Action item
Leaving the pictures out, print the lines from the first line of the listing through the line containing "Fototapeta premium Modern", exactly as they read, and no others.
---------- Data
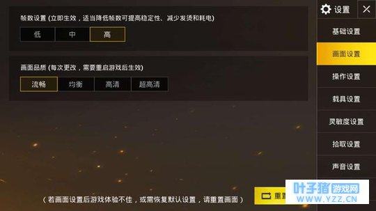 画面设置 游戏内画面设置分为 流畅、均衡、高清、超清。
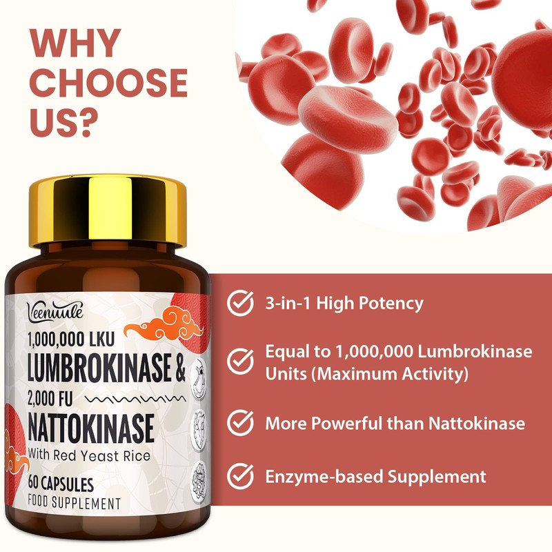 - NATURAL CIRCULATION SUPPORT - Lumbrokinase, known for its potent fibrinolytic activity, effectively breaks down fibrin in the blood. Veenuule's lumbrokinase enzymes, derived from a natural source, are combined with nattokinase to promote a healthy circulatory system.
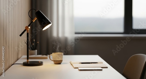 Fototapeta premium Modern office desk with lamp and coffee
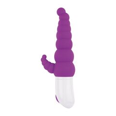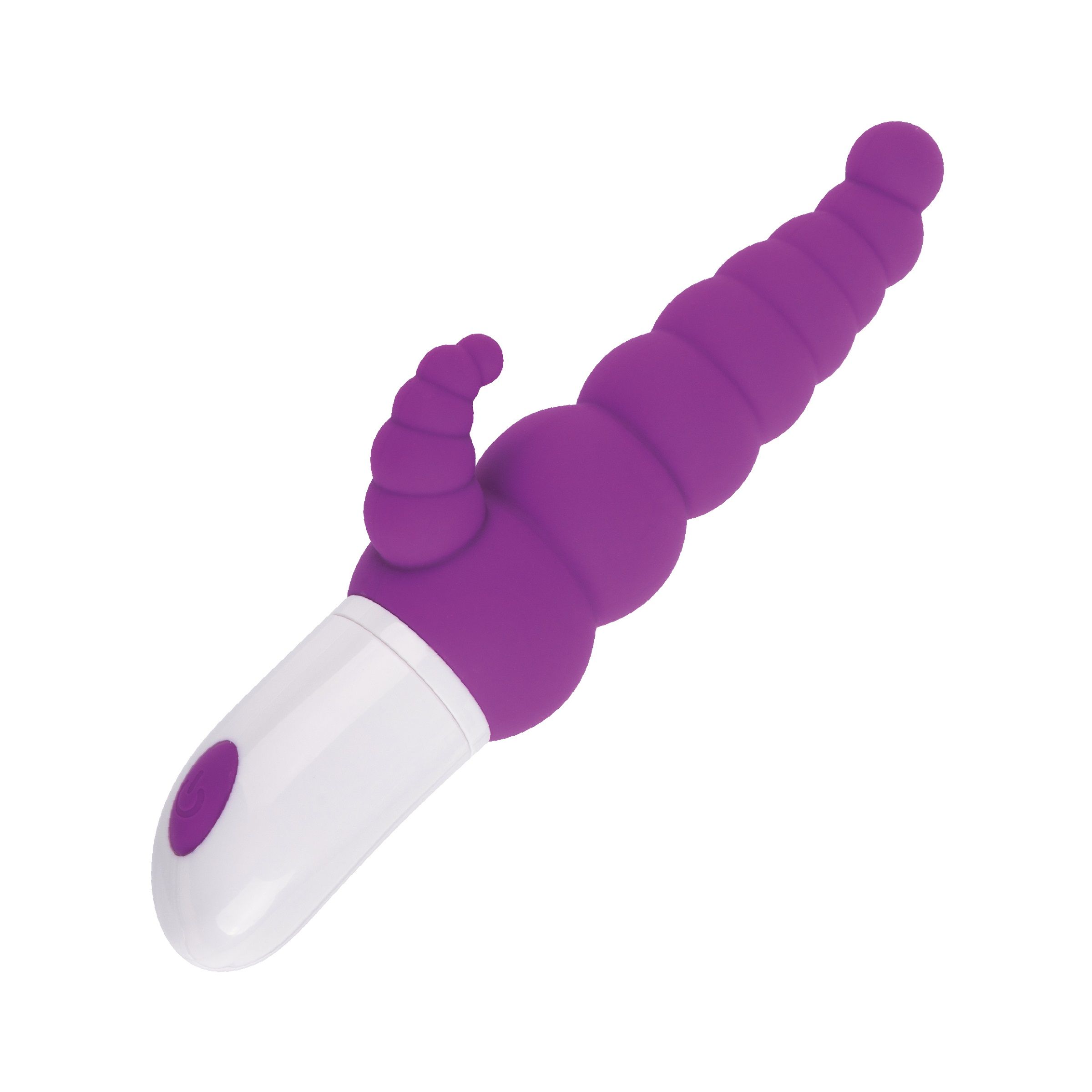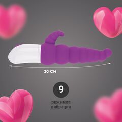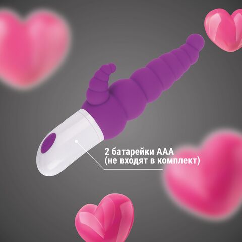 Фиолетовый ребристый вибратор с двумя точками стимуляции. 9 режимов вибрации. Водонепроницаемость IPX7 означает, что устройство можно погружать на глубину в воду до 1 метра на полчаса. Рельефный вибратор позволяет одновременно стимулировать 2 зоны. Гибкий ствол, мягкая приятная головка и маленький дополнительный отросток - отличный способ ощутить всю гамму эмоций от активной вагинальной и нежной клиторальной стимуляции. Подойдет для любого уровня чувствительности, для стимулирования самых разных эрогенных зон на своем теле или теле партнера. Изделие выполнено из качественного гипоаллергенного материала, который безопасен в использовании. Нежное покрытие обладает мягким и приятным тактильным эффектом при касании. Используйте смазку на водной основе для максимального комфорта и гладкости.
--------------------
Task response
 画面设置 游戏内画面设置分为 流畅、均衡、高清、超清。
 - NATURAL CIRCULATION SUPPORT - Lumbrokinase, known for its potent fibrinolytic activity, effectively breaks down fibrin in the blood. Veenuule's lumbrokinase enzymes, derived from a natural source, are combined with nattokinase to promote a healthy circulatory system.
 Fototapeta premium Modern office desk with lamp and coffee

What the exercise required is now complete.